HOW TO PISS OFF A PROPAGANDIST.
As reported by Steve M. at No More Mister Nice Blog, retired Air Force colonel Morris Davis, who's sick of wingnuts pretending Obama's a traitor ("battling faux patriots" is one of his hobbies), posted a tweet tailor-made to attract that crowd: It claimed Nixon and Bush had attended the funerals of generals killed in action, and Obama was breaking tradition by skipping the funeral of Major General Harold Greene, who was recently shot dead in Afghanistan. Turned out the claim wasn't true, and Davis had only made it to prove a point I make here all the time: that for many conservatives "too good to check" and "stop the presses" are pretty much the same thing.
Steve's got his own angle, but for me the most interesting thing about the incident was the reaction of Byron York, who got stung by the colonel's tweet. In his column York describes the evolution of the story at length, and gets very stiff whenever discussing Davis:
On Sunday, I sent a note to Davis asking why, given the credibility that comes with his military career and law school position, he had distributed information he knew to be false. As he had in his earlier tweet, Davis claimed the falsehood was "sarcasm"...
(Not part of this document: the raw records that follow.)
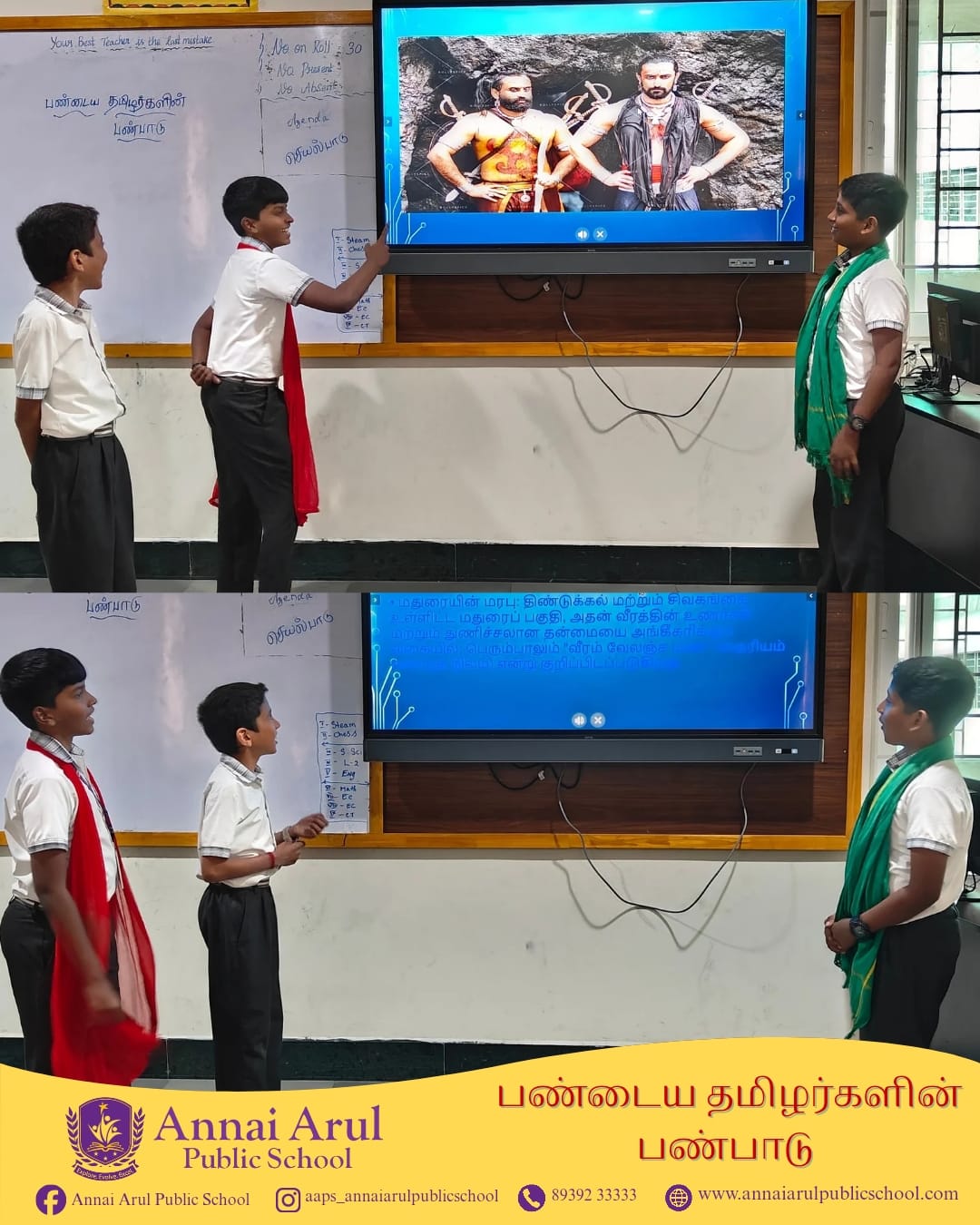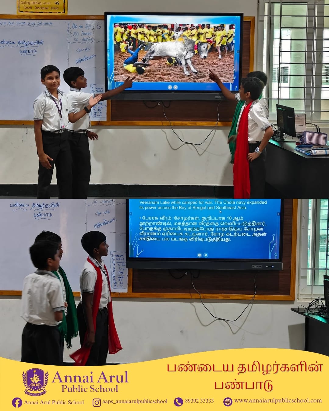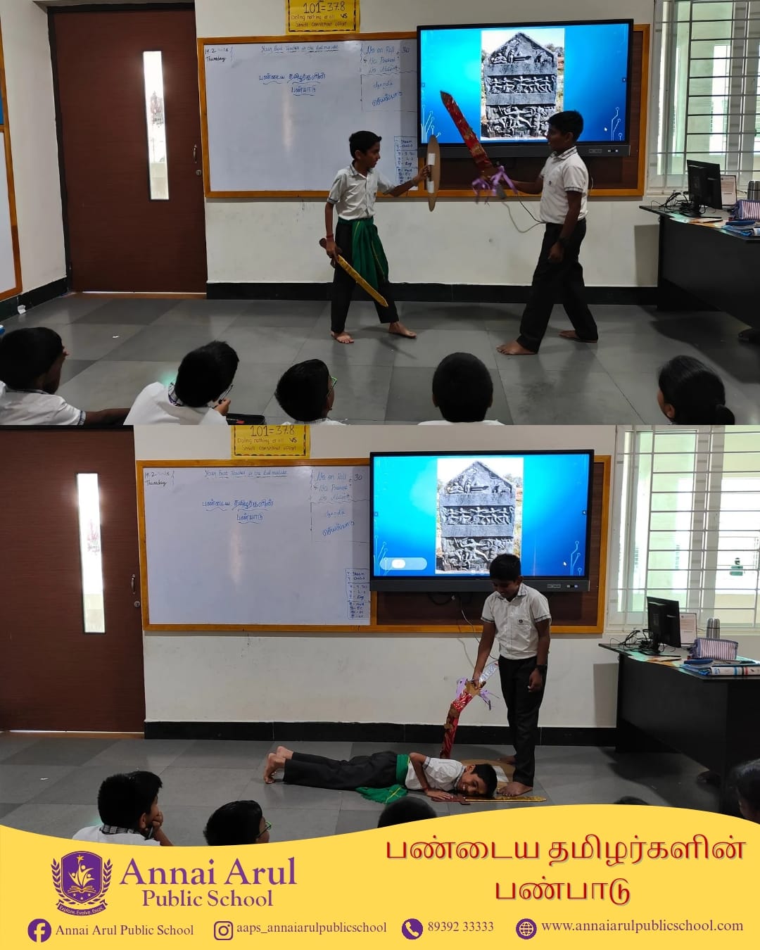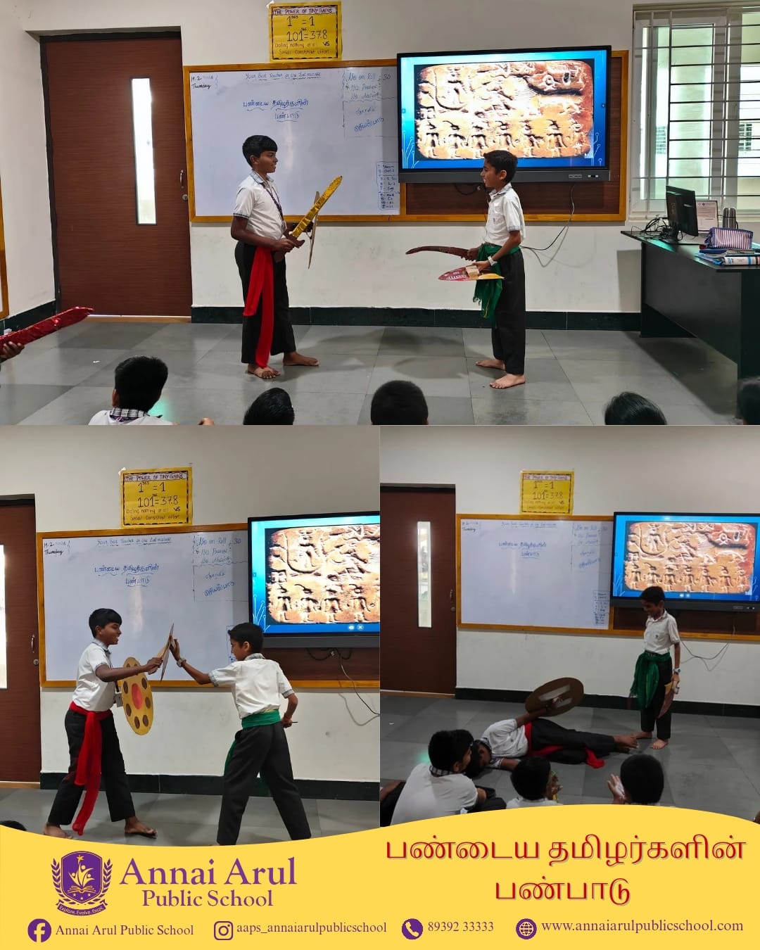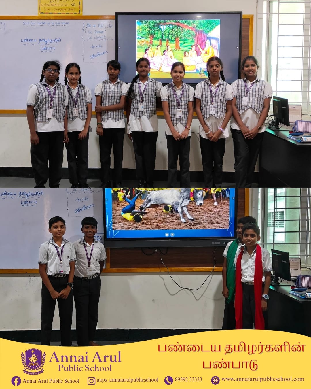 Grade VI students explored the rich culture of Ancient Tamils with great interest and enthusiasm. They learned about the lifestyle, traditions, and values of early Tamil civilization. Discovering the greatness of the Sangam era filled them with pride.
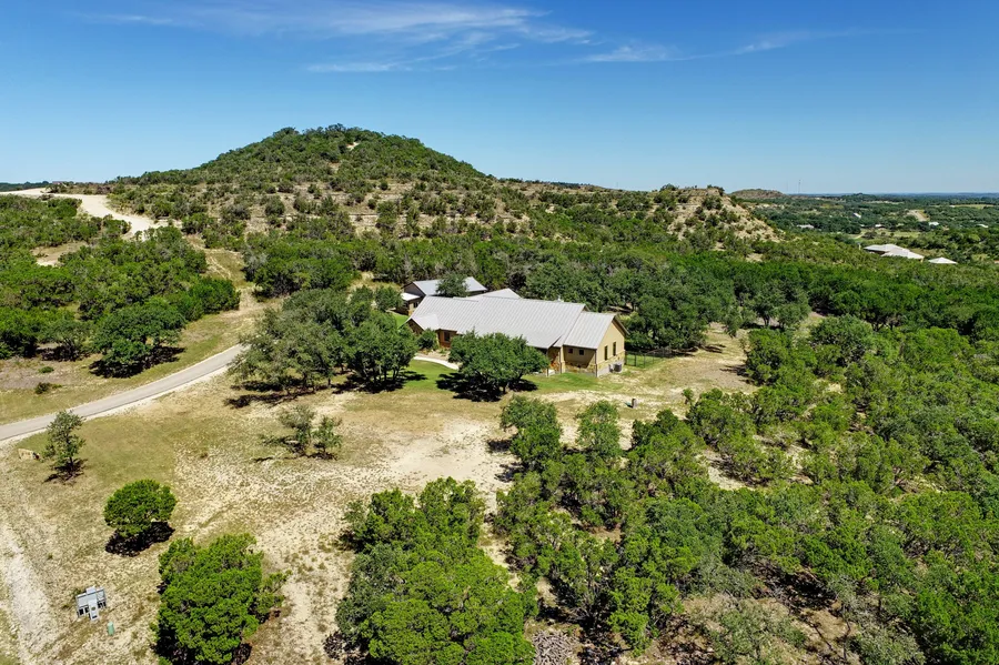 Elevated Hill Country Homestead comprised of a stately 3 bed, 3.5 bath residence and a 1200+/- sqft hobby enthusiasts dream workshop on 6.44+/- acres located just 45 minutes from Austin or San Antonio in a remarkable ranch community boasting free ranging exotic animals and 2 stocked fishing lakes. Enjoy mesmerizing views and a cool Hill Country breeze from the shaded porches of a quality crafted 2944+/- sf home built in 2017 featuring a stellar floorplan: open main living area, ensuite baths for every guest room, flexible study featuring a wall mounted bed to serve as a fourth bedroom when needed, spacious master suite, and expansive closets throughout. The efficient chefs kitchen is sure to please with Thermador appliances, farmhouse sink, and ample pantry closet. Oversized attached 2 car garage with workbench compliments the insulated, heated and cooled 1200 +/-sqft metal frame workshop showcasing (2) 10 x 10 insulated electric doors and additional work/storage space perfect for projects of all sizes. Both improvements have a lovely view of the established raised bed garden producing gorgeous vegetables, tomatoes, and herbs. Ideally equipped with both well water and a 30k gallon rain harvesting system for optimal water quality and allocation. This estate is designed to be extremely private and low maintenance while living like a much larger ranch with full access to an 80+ acre nature preserve, hiking trails, and 2 sparkling lakes. Experience daily safari like cruises or hike through the winding trails of this stunning ranch among the elk, lechwe, black buck, and oryx. Undoubtably one-of-a kind country living one must see to believe. 1-d-1 Ag exemption and underground utilities including high speed internet currently in place. No city tax and low HOA dues. Minutes to local shopping, dining, and wineries.
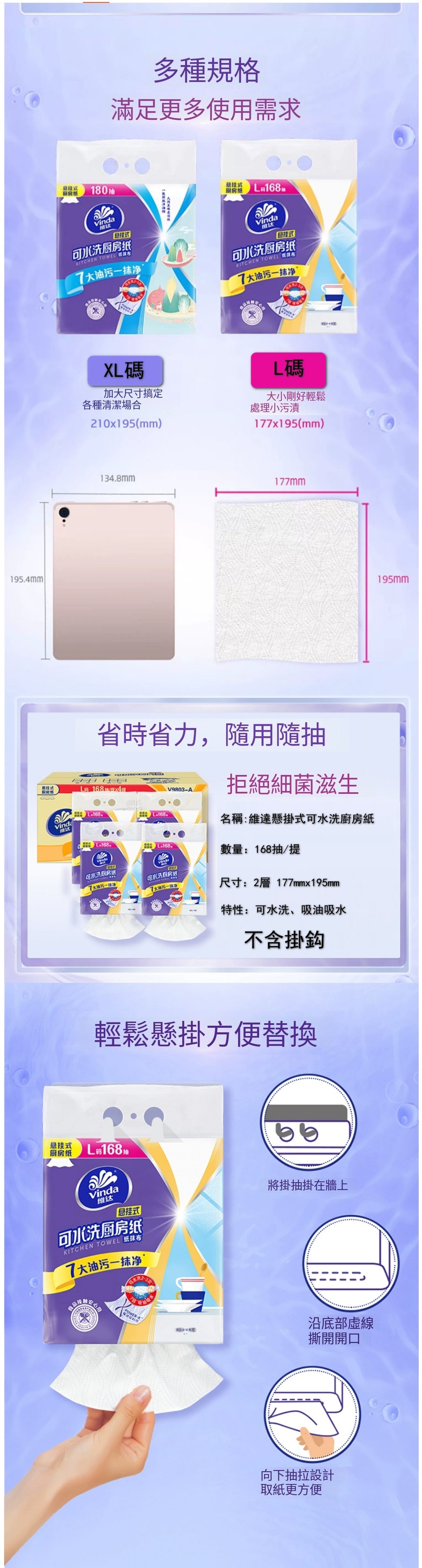 維達(可水洗)廚房專用抽紙大包懸掛式吸油吸水抹布紙巾【168抽x4提 不含掛鈎】L碼

Here's York's closing graf:
There are several lessons to be drawn from the affair. The first, and most important, is to be skeptical about everything one sees on the Internet and make a good-faith effort to ensure that information one passes on is accurate. I will certainly redouble my efforts on that score in the future. The second lesson is that when one makes a mistake, correct it as quickly as possible, more than once if necessary. And the final lesson, narrower but still important, is: Never trust a word Morris Davis says; it might be "sarcasm."
Now, York's one of the more high-class conservatives when it comes to this sort of thing -- that is, rather than just circulating any old bullshit, as so many of the low-rent types do, York prefers to explain why hearsay and innuendo is sort of okay if it's for his side, as in this classic bit:
Rick -- Sure there were lunatic preoccupations in the Clinton years. The boys on the tracks story, for example, was a peculiar fascination at the Wall Street Journal editorial page. Mena was something similar for The American Spectator. There were others, although most conservative publications simply ignored things like the "Clinton Chronicles." Clinton himself found some of that stuff useful, and cited it in his public remarks, because it allowed him to cast his opponents as nuts. Hillary used it too -- in the famous "vast right-wing conspiracy" appearance on the "Today" show in 1998, she world-wearily said that the right was "accusing my husband of committing murder, of drug running."
On the other hand, what about the stories that were grisly but true? Clinton led a colorful life and hung out with colorful people. Troopergate was probably the most bitterly denounced of all the anti-Clinton stories, and some of Clinton's defenders wrote off anybody who took it seriously as a hater and a kook. But the core allegation of the story -- that Clinton used his Arkansas security team to facilitate his philandering -- was true, and the story was, in retrospect, the most accurate predictor of the kind of behavior that Clinton so disastrously exhibited in the White House in the Lewinsky matter. So the haters and the kooks were right on that one.
This kind of classy mendacity, however, is a world away from circulating Snopes-worthy falsehoods -- especially when you're duped into it and then caught at it.
That would make York mad enough, but I think he was extra pissed off because he had been burned by someone with "the credibility that comes with [a] military career and law school position" -- that is, the kind of brass hat a conservative should be able to count on to provide York and his buddies with solid anti-Obama ordnance. Once a wingnut could just accept on faith that all the uniformed types were on their side, but now each one must be vetted before York can trust him. Think how discouraging a thing like that must be!
UPDATE. Forgot this other York classic: "I didn't intend to rekindle the old [Vince] Foster-suicide questions... But I do agree that the Clintons did everything in their power to make it look suspicious." That's how the pros do it, folks! Original posts here and here.